Michael Jai White: We knew most of the people. And it's funny because there are some people who couldn't make it or weren't quite sure who are kicking themselves now. You'd be really shocked. You know how I wanted to deliver the bullet, in that one scene where the guy says "and look what I found." I was going after Mike Tyson to do that. And now he's like, man, I wish I would have...
Nick Nunziata: Obviously The Hangover didn't hurt his ability. And his documentary.
Scott Sanders: That was at Sundance when we were there.
Nick Nunziata: What was that experience like for you guys?
Scott Sanders: Well we've been there. We were there ten years ago for Thick as Thieves.
Nick Nunziata: With Baldwin... and Richard Edson!
Scott Sanders: Yep. That's where we met.
Michael Jai White: Rebecca DeMornay, Andre Braugher...
Nick Nunziata: The site covered it, ten years ago huh? We should retire. Ten years on the internet is like a gulag.
Scott Sanders: Sundance. Fantastic. It was surreal. People ask me about it and the thing was so fast and surreal and strange. We had an online presence for a while, but we'd get the the theater and people are wearing Black Dynamite t-shirts already and there's a guy outside with a cardboard sign looking for tickets. It was such a frenzy. We did the screening and answered some questions and we had a party and it's four in the morning. At four-fifty our producer says we're in total negotiations to sell the movie. I go to Mike and tell him I think we've sold the movie. Then my mom calls and says 'you sold the movie'. It's in a magazine. And this is over the course of four or five hours. You go around town...there are pictures of Black Dynamite on both trades. It was a lot to take in.
Nick Nunziata: Please tell me you had as much fun making the movie as it looks like you did.
Michael Jai White: We had a ridiculous amount of fun. I don't think there was a tense day on the set ever.
Nick Nunziata: Did you shoot it in the valley?

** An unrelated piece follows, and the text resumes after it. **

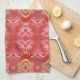 A designer kitchen towel with purple, green lime, and yellow and reds. The red background that can be changed to any colour. You can also add a name to personalise for your family or as a custom gift.
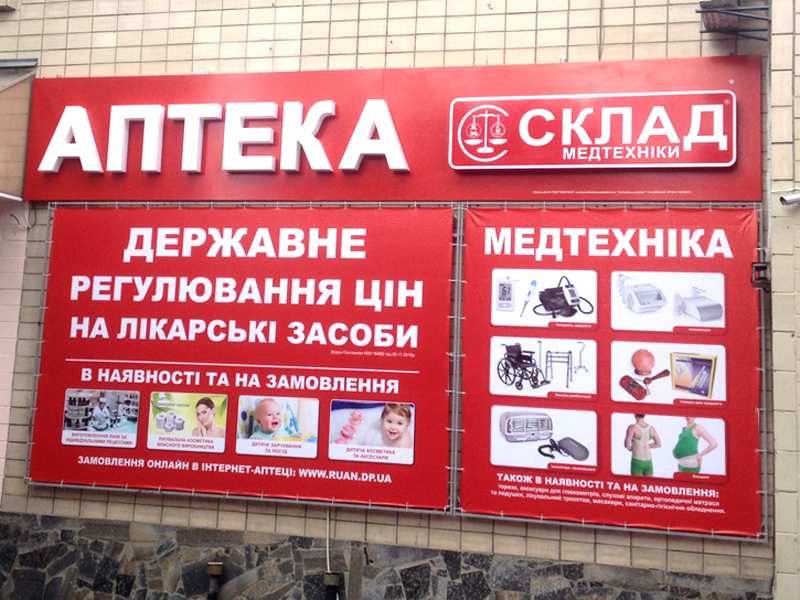 Композитная вывеска со световыми акриловыми буквами. Баннера на металлокаркасах с композитными уголками.

Scott Sanders: We shot it in Ladera Heights. A lot of old seventy year old black people whose houses haven't changed for thirty of forty years.
Nick Nunziata: You drive through some areas and it's scarily a step back in time.
Michael Jai White: The same.
Scott Sanders: Honey Bee's brothel literally came from walking through a neighborhood and knocking on a door. We walked in and were like 'whew this is great'. A preacher owned that house and we were shooting a brothel. We shot the pictures of Richard Nixon in lingerie. The preacher's like 'what did I sign up for?'.
Nick Nunziata: I'm sure he'll be very proud. After all, you're a Sundance darling. So, you don't what we can expect from the DVD yet?
Scott Sanders: We're still working it out. We haven't stopped making viral videos. We've been releasing stuff. Cut scenes. Hopefully that stuff will be on there. We have a ten minute cut. The whole kung fu banquet.
Nick Nunziata: You see snips of it.
Scott Sanders: Snips of it, yeah. That whole scenario is now part of a song, the whole 'cleaning up the streets' montage. That was ten minutes of stuff.
Nick Nunziata: That's what the DVD is for. You can reach your audience on a more personal level. This generation is so tied to that, they'll digest all of that. I'm sure the studio sees that. I can't wait...
[Dena, our local rep who handled the event then stepped in after being patient and finally had to cut us off]
Nick Nunziata: Yeah yeah, whatever!
Michael Jai White: Here comes the big hook!